REQUIREMENT:
Only the lines from the one with "beef is cut" through the last line of the data below are to be duplicated, exactly and without pictures.

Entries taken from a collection
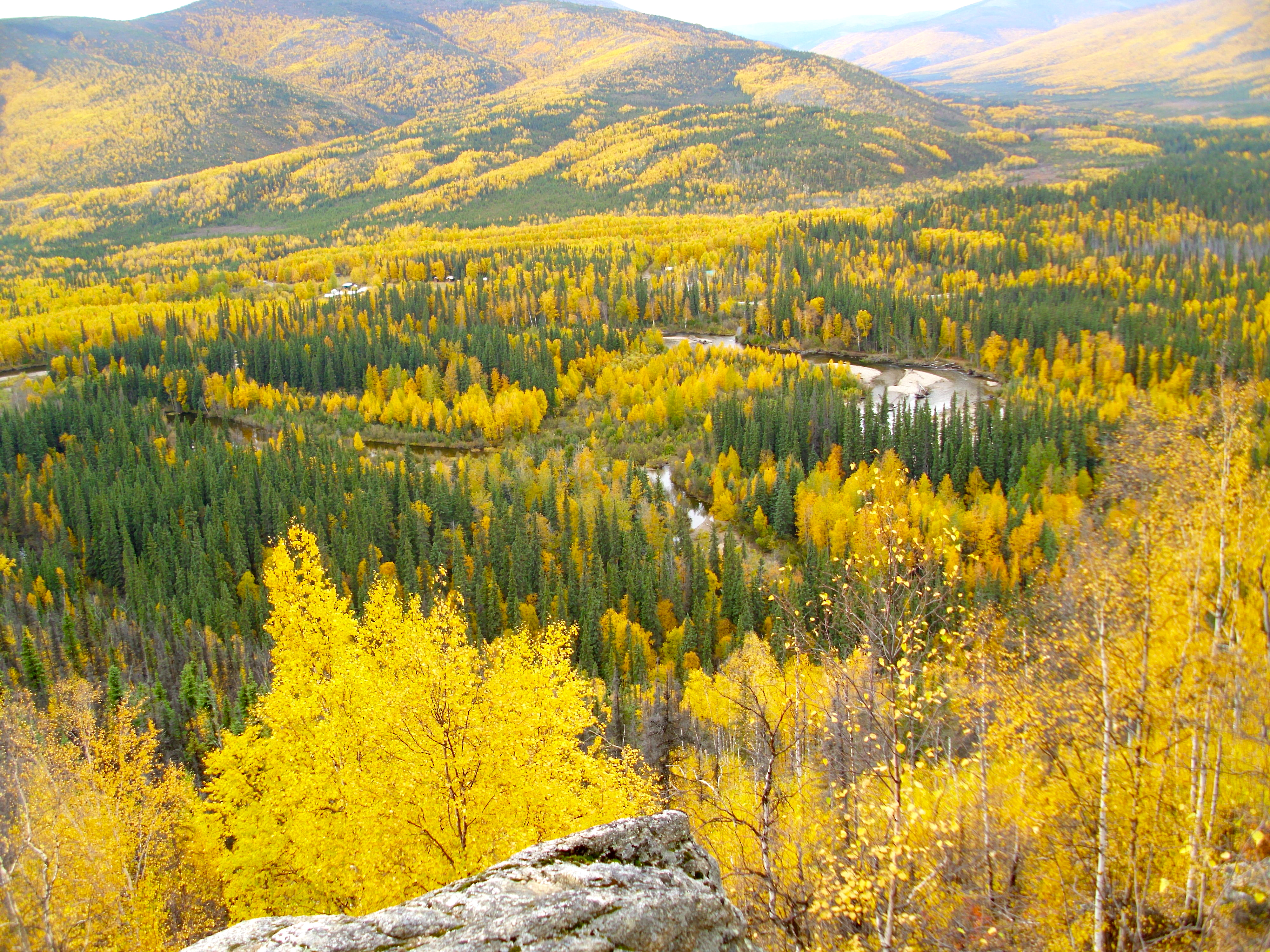 North Fork of the Chena River, Chena River State Recreation Area, Fairbanks North Star Borough, Alaska
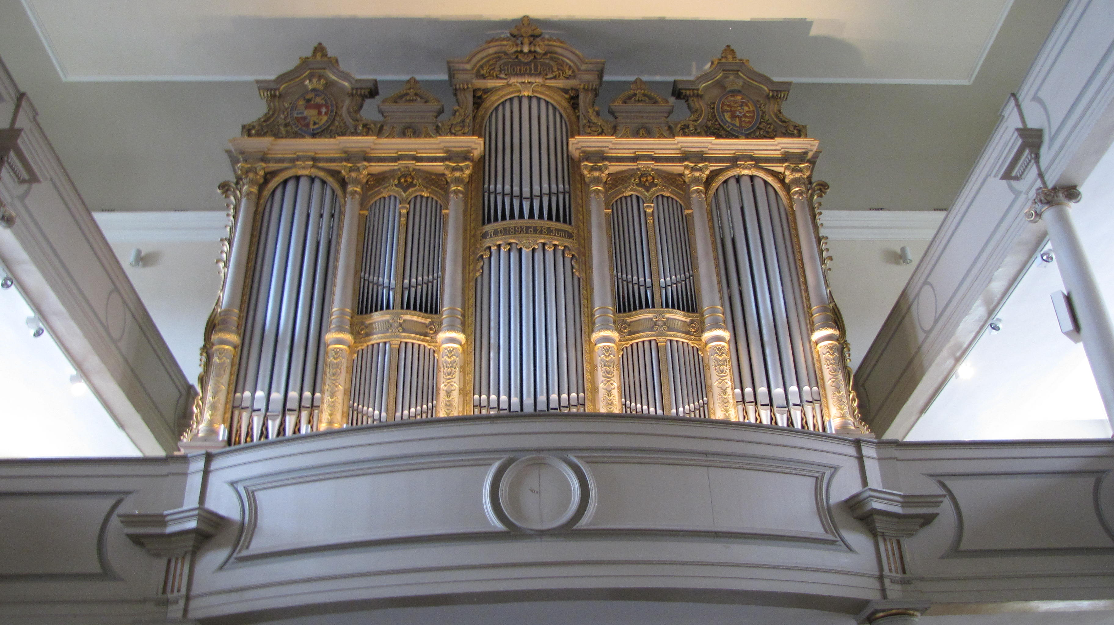 1893 Grüneberg Organ of Stadtkirche Neustrelitz
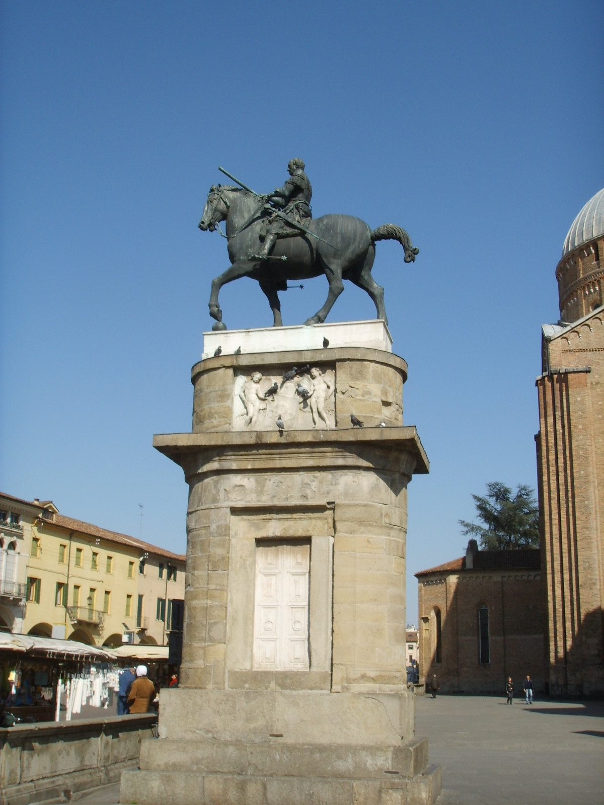 Equestrian statue of Gattamelata by Donatello, on Piazza del Santo (Padua)
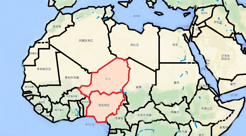 (Atyap people's location)
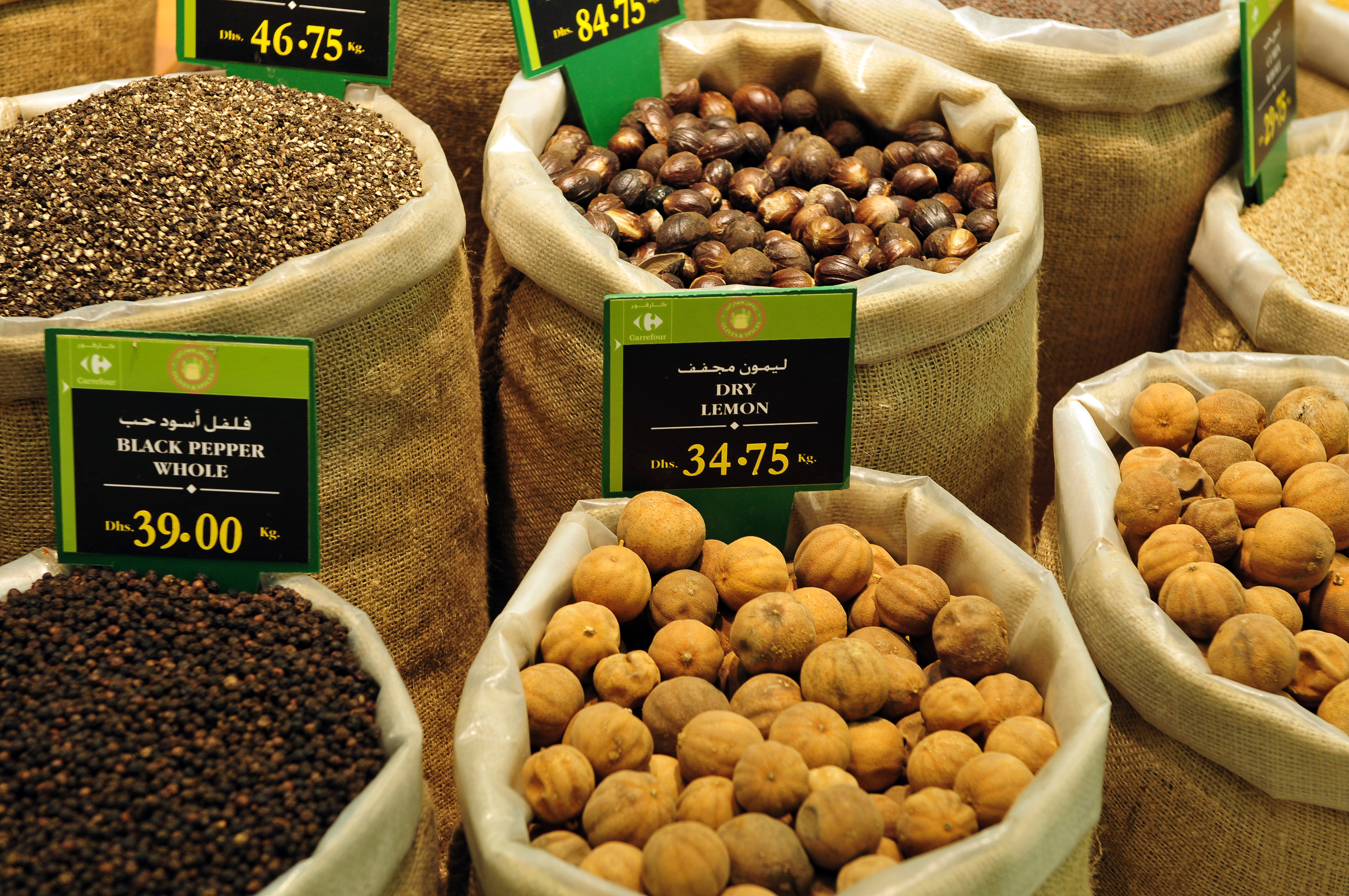 Fruits Abu Dhabi Marina Mall Shopping Center
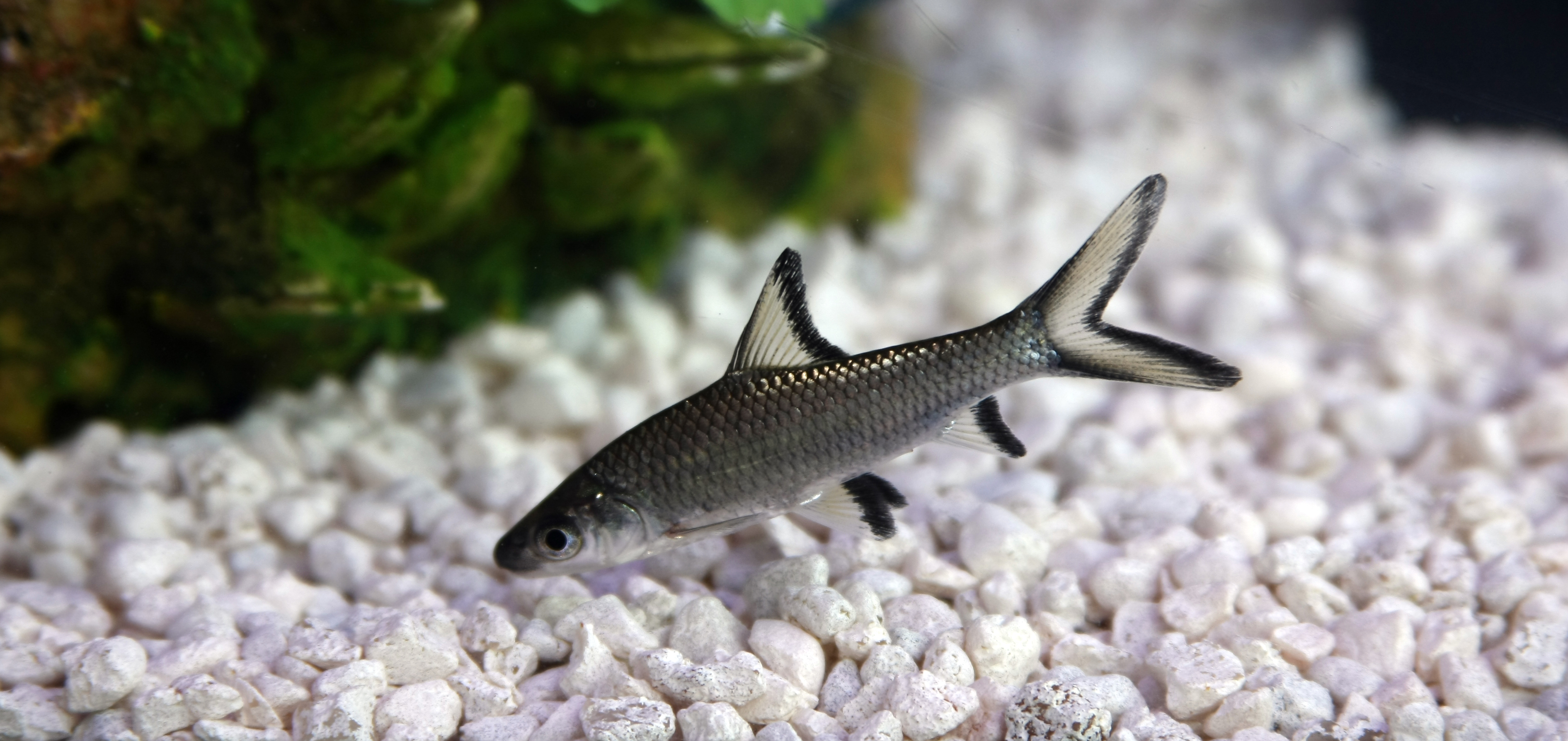 Young bala shark in my freshwater aquarium (1.25" aprox.)
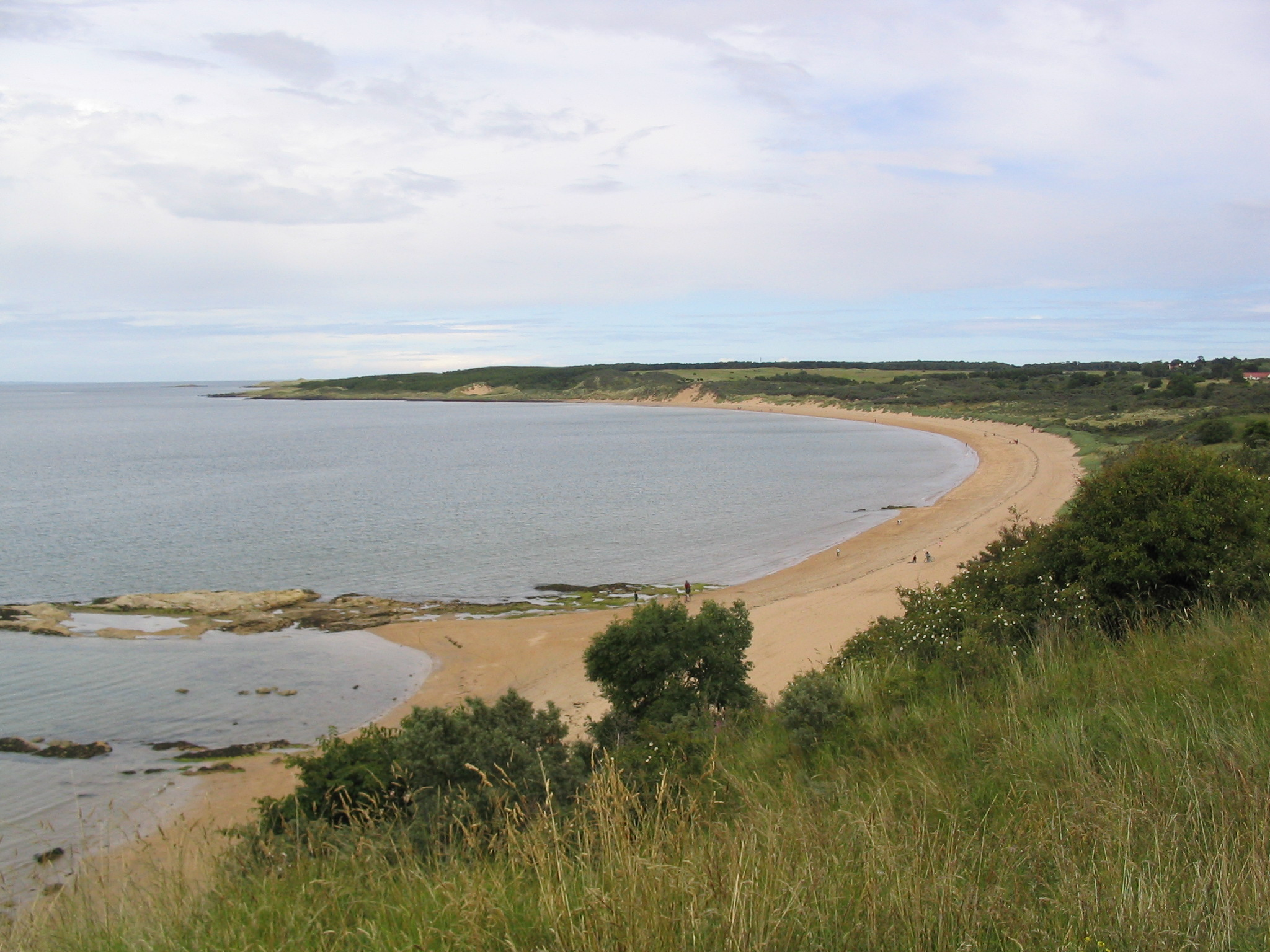 Photograph of Gullane Beach from near the 7th tee of Gullane Number 1 Golf Course, taken by myself (Martin Taylor) July 12 2004
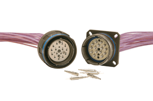 The ARINC 801 fiber optic terminus is the next generation of high density, butt joint interconnect technology. With its standard 1.25 mm ferrule and sleeve, the ARINC 801 terminus is designed for both multimode and single-mode applications and is compatible with standard LC termination processes.
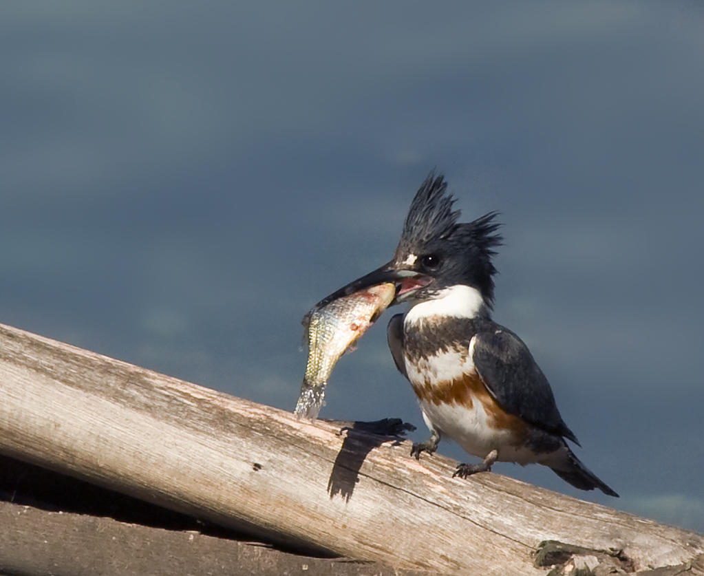 Belted Kingfisher (female) with a fish in its beak
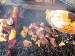 beef is cut into small pieces before it grilled
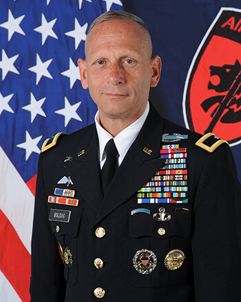 Brig. Gen. Donald C. Bolduc

ANSWER BOX:
 beef is cut into small pieces before it grilled
 Brig. Gen. Donald C. Bolduc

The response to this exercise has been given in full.